WOW! Isn't Karate wonderful?! Why not dedicate yourself to something that is such an art. And you also get to hammer away at a bag if you want as well. Now that's got to be great, hasn't it.

OK, now that I have just fallen in love with Karate again (at moments like this I put my dogi on and try to do a bit of stretching, but tonight there is NO TIME) it's time to get back on target.

Koshi no Tameru
One of the most important other practices we did was Heian Shodan with gedan-barai for every move, slow, with speed and power and the gorei-nashi. The next Heian-Shodan was each move but gedan-barai->explosive gyaku-zuki; again, slow, speed and power and the gorei-nashi.

Oh what fun we had!
You can guess what is happening; if you want to practice extreme hanmi and then explosive release, a sort of KWF boot camp for one third of the trilogy of koshi-kaiten-shunshuku theory of KWF honbu, there is no better exercise.

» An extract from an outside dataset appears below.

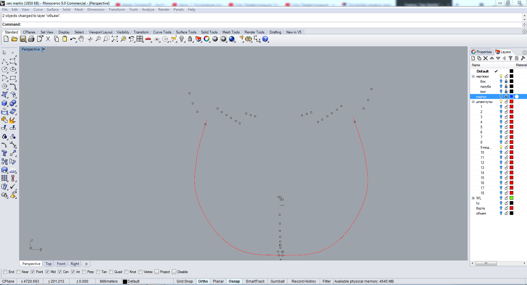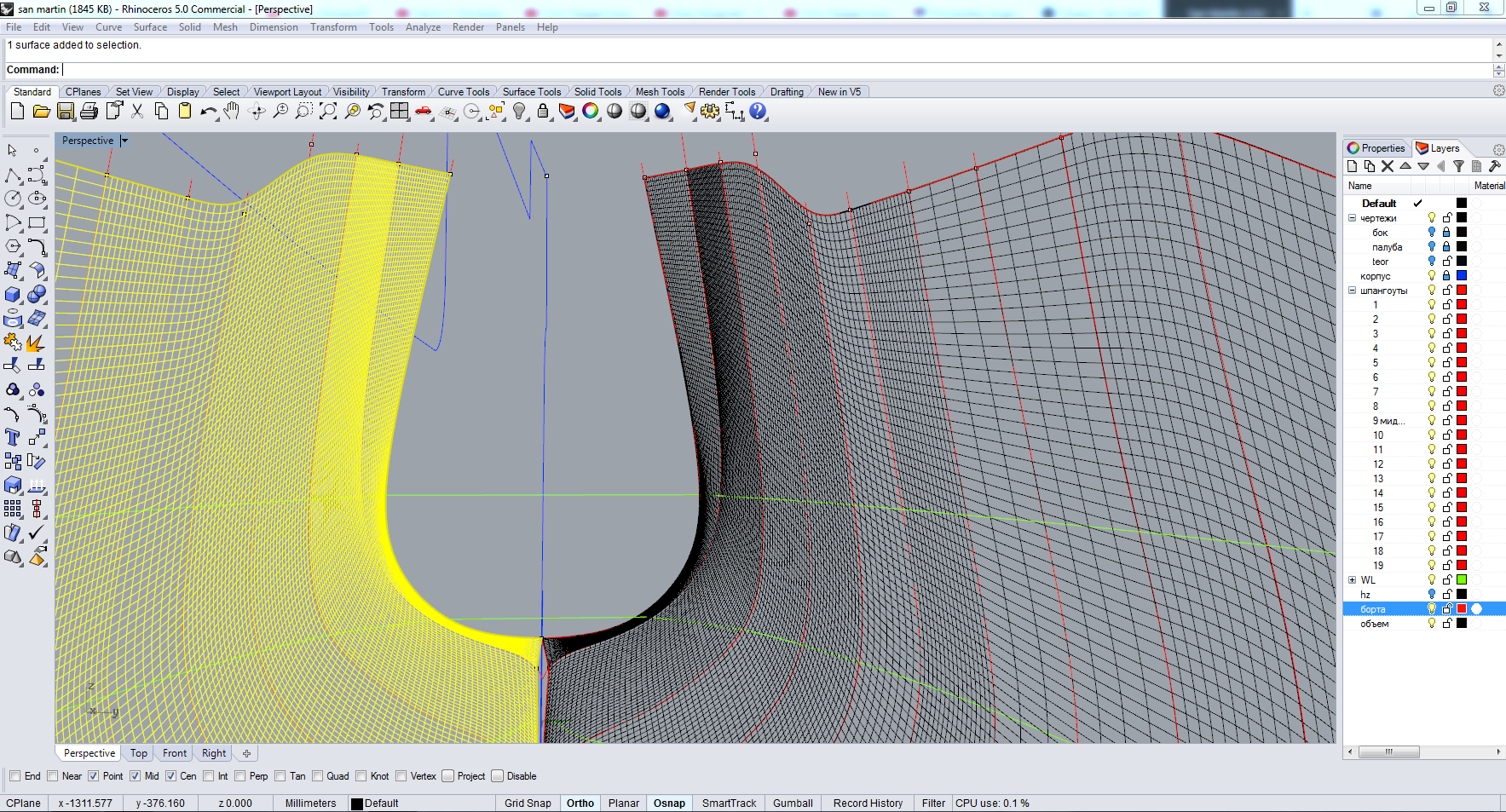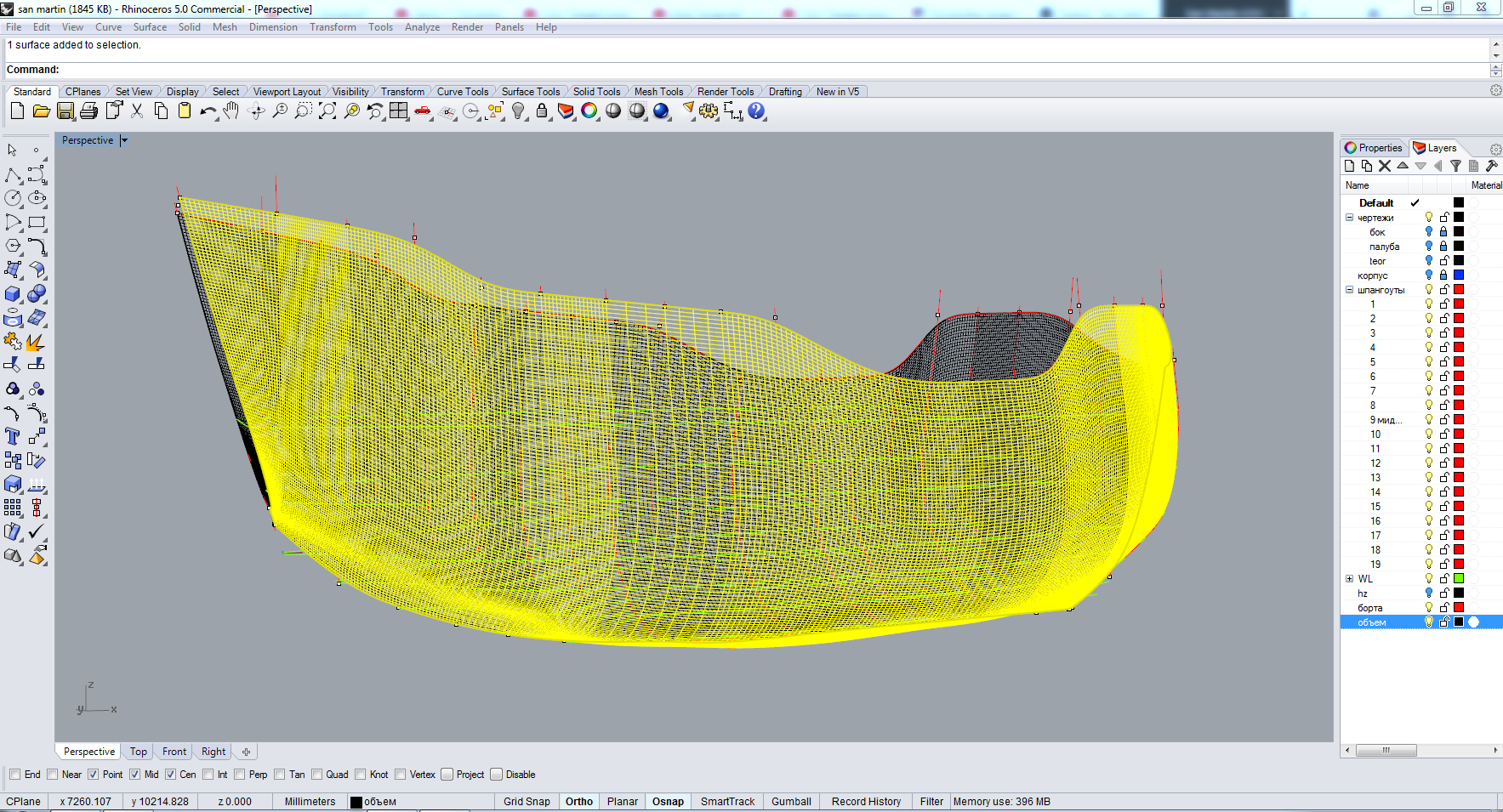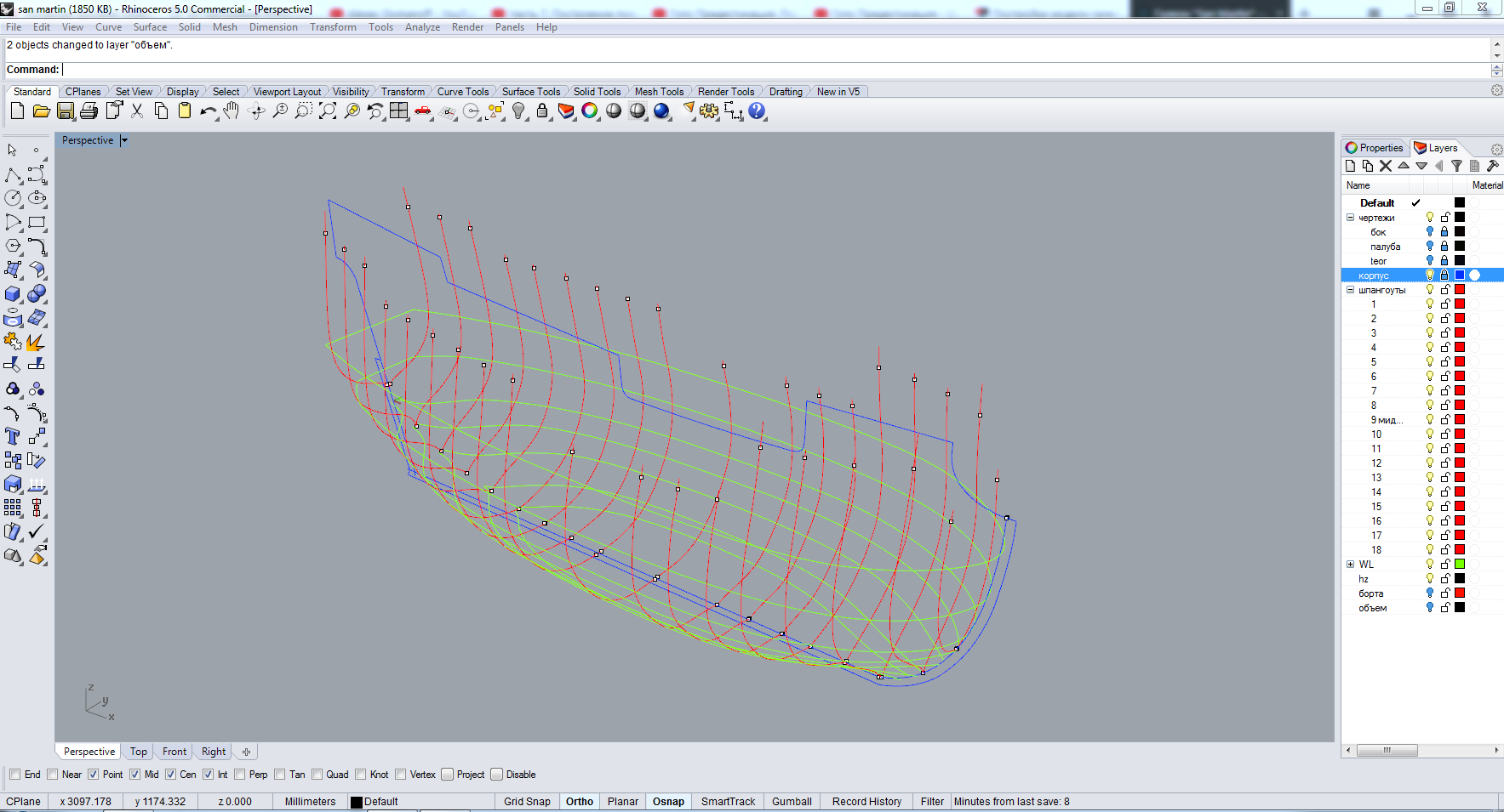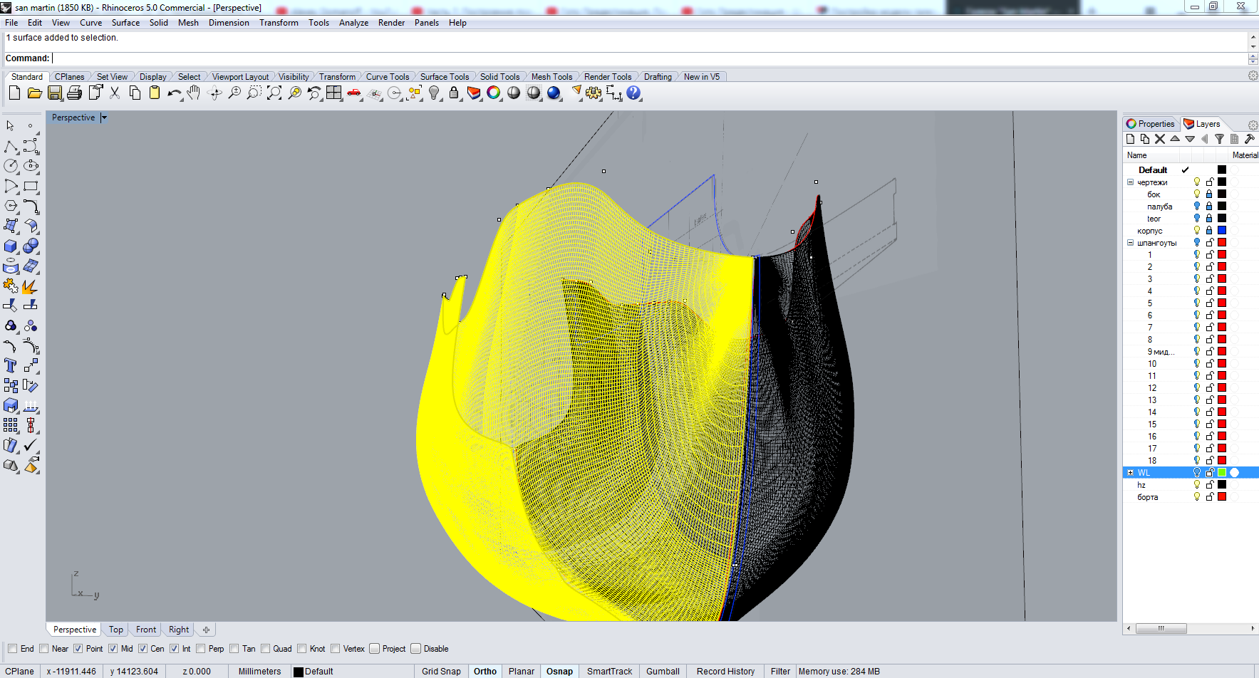 Продолжительные пляски с бубном вокруг этой программы позволили мне вчера получить первый результат - объемную модель корпуса. Картинки, может, и получились "слепые", но сделать принтскрин лучше мои навыки обращения с этой программой не позволяют. Для лучшего визуального восприятия один борт выделил желтым. Еще один нюанс: на модели планширь не будет таким волнообразным, просто я не сумел (да и не старался) его в программе отрисовать должным образом - для процесса в целом это не имеет ровным счетом никакого значения. Основной упор я сделал на точную состыковку линий шпангоутов и ватерлиний. На представленной модели они совпадают по всем точкам - где шпангоуты подтягивал к ватерлиниям, где наоборот. Всем линии выровнены для их плавности.

As some of you will know, 溜める tameru in Japanese means "to store up." Apply this into hanmi and you get the picture, right? One of our favorite "wind down" practices is Koshi no Tameru Heian Shodan, where each hanmi is held, held, held, butt squeezed in to the last, and then, wham! release for the gyaku-zuki. The point to watch here is to keep the hara/abdomen compressed but avoid extraneous tension in the back or the shoulders (basically unnatural posture) in the hanmi in order to make sure you are not just torturing yourself for the sake of it.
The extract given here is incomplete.